[WIP] Read The Logs
• 3 min read
When you work on a micro reasonable-sized service, you inevitably talk to neighboring teams and your service talks to other serives. Of course, every single developer is a bearer of unique knowledge about the system and interactions between the systems. One can't possibly know all the details and nuances of their own service, not even mentioning the whole service fleet.
Imagine yourself a scenario: you're on-call over a weekend, it's some time close to midnight, and, of course, you get paged. The situation is dire, it's not a monitoring alert. It's a customer-reported issue that's been open for weeks now, and the customer wants it fixed! The issue's been forwarded between teams without significant progress and no one understands what exactly is wrong. You've got the incident only because they think that it might be slightly related to your area of expertise. Just a bit. A teeny-tiny bit. At least, they know that the affected functionality sends requests to or receives responses from your service. Since the incident hasn't had an input from your team, they send it to you so that they could present some traction to the angry customer. You, on the other hand, don't believe that the problem originates from your service. So, it's not your problem, right?
FALSE!
It is your problem now. #more What if I told you that you can be the engineer that solves this puzzle and finds the root cause? Get recognition by the managers, the senior leadership, the customers and finally get that long ago deserved promotion. Sounds cool, huh? But you have to have a very particular set of skills.
Very Particular Set of Skills
The set is small: {read code, read logs}
. But each one of those goes deep down the rabbit hole. It's relatively easy to read logs & code of your own service - you work on it every day. But there's a lot to learn about other services. Why even bother with learning it? Easy: to get shit done. I'm not a big fan of working on Saturday nights but on-call is on-call. Can you redirect this incident to some other team? Most probably. Do you want to do it? Hell yeah! But will you? Not really. What's gonna happen if you send it away immediately?
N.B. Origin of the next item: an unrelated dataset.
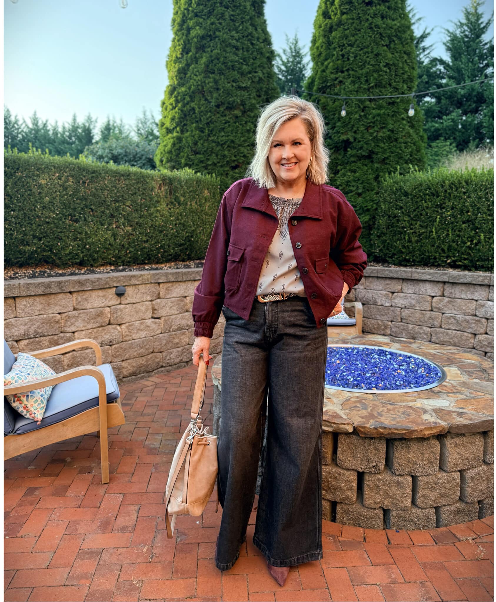 To finish things off, I added a tan bag that matches my shoes. Coordinating your accessories is a little styling trick that makes your outfit feel intentional and pulled together. It also lets the burgundy really shine as the focus of the look.

It'll wonder around for a bit and will return again (true story). Let's look into the issue, maybe it'll go away.
With lots of swearing you dive deep into the incident comments to find the description and some repro data. You search your logs for the given timestamp and user ids. All looks fine. You process the request, you do some magic, you send the request downstream, you return a response to the user.
record scratch sound
Wait, what? You sent it downstream? Okay, you found that there's something weird happening in the downstream service. What are we going to do? Redirect the incident to this downstream service? Sounds good, it's a problem on their end, nothing to do with us. But can we do something better than just get rid of it? Of course!
Let's open their logs! We know the timestamp, we know the request id, we know basically everything to identify the lines that we need! Let's get some shit done. We search for the call, we try to find anything strange - it's not that hard, the logs are written in plain English after all.
GOTCHA!
They receive some weird crap from the storage that breaks the user flow. Here we don't need to go any deeper (but we can, of course). We've just made sure that the issue isn't on our side. We made an extra step or walked an extra mile, whatever. We've got the shit done. Let's write the report, attach everything we have and finally go to sleep.